Во время выполнения этого фитнес-упражнения одновременно работают, укрепляются и наращиваются мышцы ягодиц, ног, кора, нижней и верхней части спины, а также рук и плеч, если используются утяжеления.
- Жиросжигание.
За счет задействования в работу большого количества мышечных групп в организме повышается обмен веществ, что способствует усиленному расщеплению жировых отложений и устранению целлюлита.
- Укрепление иммунитета, улучшение пищеварения.
Приседы способствуют улучшению работы лимфатической системы, которая является важной частью иммунитета. Кроме того, при ускорении лимфотока лучше и эффективнее начинает работать пищеварение.
- Формирование красивых ягодиц.
Приседы входят в число немногих эффективных упражнений, направленных на проработку ягодиц. Они качественно прокачивают большую ягодичную мышцу, которая отвечает за упругость и округлость этой части тела.
- Укрепление ног.
Большинство фитнес-упражнений и спортивных снарядов предназначены для проработки 1-2 группы ножных мышц, а приседы задействуют все сразу.
- Безопасность.
Если учитывать противопоказания приседов, выполнять их с соблюдением техники и без прыжков, они не навредят здоровью, не спровоцируют получение травмы. Кроме того, эти эффективные упражнения помогают женщинам во время беременности (если нет противопоказаний) укрепить мышцы таза, благодаря чему роды проходят легче.
- Улучшение осанки.
Во время выполнения упражнения для стабилизации тела задействуются мышцы спины, что способствует их укреплению и улучшению осанки.
- Повышение силы и выносливости.
Сила наращивается при поднятии тела из нижней точки (особенно если используются утяжеления), а выносливость — при выполнении большого количества повторов и подходов.
- Укрепление сердечно-сосудистой системы.

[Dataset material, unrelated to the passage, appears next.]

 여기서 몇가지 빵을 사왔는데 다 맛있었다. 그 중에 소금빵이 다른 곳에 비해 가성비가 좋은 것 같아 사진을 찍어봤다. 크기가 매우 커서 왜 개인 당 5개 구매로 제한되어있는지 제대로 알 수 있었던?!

Это возможно благодаря тому, что приседы совмещают в себе сразу 2 вида нагрузок: силовую и аэробную.
Вред приседов
Упражнение может навредить только в том случае, если игнорировать противопоказания, нарушить технику его выполнения и переусердствовать с весами. Возможный вред приседов:
- растяжение, разрыв сухожилий;
- разрыв мениска;
- деформация суставов;
- травмы спины.
Правильная техника классического варианта
Как правильно приседать, чтоб извлечь из фитнес-упражнения максимальную пользу и предотвратить получение травмы? Рассмотрим технику элемента:
- Стопы поставить на ширине плечевого пояса, плотно прижать к полу, носки немного развернуть в стороны.
- Спину не выгибать, не сутулиться, держать поясницу с легким прогибом.

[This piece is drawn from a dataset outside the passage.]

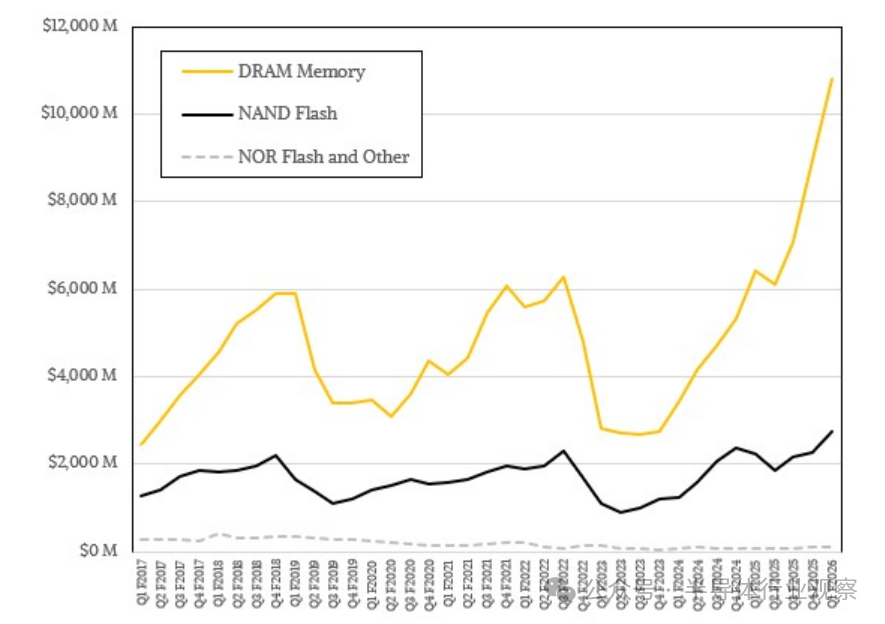 在 11 月季度,美光科技售出了价值 108.1 亿美元的各种 DRAM 内存,同比增长 68.9%。2026 财年第一季度,NAND 闪存芯片、驱动器和卡的收入为 27.4 亿美元,增长了 22.4%;而 NOR 闪存和其他产品仅带来了 8800 万美元的销售额。

- Плечи распрямить, грудную клетку расправить, руки поднять перед собой на уровне груди, смотреть вперед.
- На выдохе присесть до угла 90 градусов в коленях и параллели бедер с полом.
- На вдохе оттолкнуться пятками от пола, вернуться в стартовую позицию.
Усложнить и разнообразить классический вариант упражнения можно, выпрыгивая при подъеме из нижней точки, изменив постановку стоп (уже либо шире плеч), приседая ниже или выше параллели бедер с полом или используя утяжеления (гантели, гири, штангу).
Виды фитнес-упражнения
Кроме вышеперечисленных вариантов есть и другие виды приседов:
- Сисси.
Встать около опоры, опереться об нее одной рукой. Стопы поставить на ширине плечевого пояса, приподнять тело на носки. Немного согнуть ноги в коленях и наклонить корпус назад. Спину не прогибать, не сутулиться, голову не опускать. На вдохе, согнув колени до угла 90 градусов, подав их вперед, а корпус наклонив назад, присесть. Зафиксироваться на 1-2 секунды и на выдохе вернуться в стартовую позицию.
- Хинди.
Встать прямо, стопы расставить чуть шире плеч, руки поднять до уровня груди перед собой. Глубоко присесть, одновременно опустив руки вниз. Резко вывести руки вперед и перенести вес тела на носки, подняться вверх и встать на всю плоскость стоп.
- Пистолет.
Встать прямо спиной к скамье, стопы расставить чуть шире плеч, руки поднять до уровня груди перед собой. Одну ногу приподнять, не сгибая. Сделать присед до угла 90 градусов в опорной ноге и соприкосновения ягодиц со скамьей. Вернуться в стартовую позицию. После окончания цикла повторить фитнес-упражнение на другую ногу.
- С задержкой.
Выполняется элемент по схеме классических приседов за исключением того, что руки поднимаются вверх, таз опускается ниже коленей, а тело фиксируется на 3-7 секунд в нижней точке.
- С пульсацией.
Тоже выполняется по схеме классических приседов. Разница состоит лишь в том, что, находясь в нижней точке, нужно делать по 3-5 пружинящих движений.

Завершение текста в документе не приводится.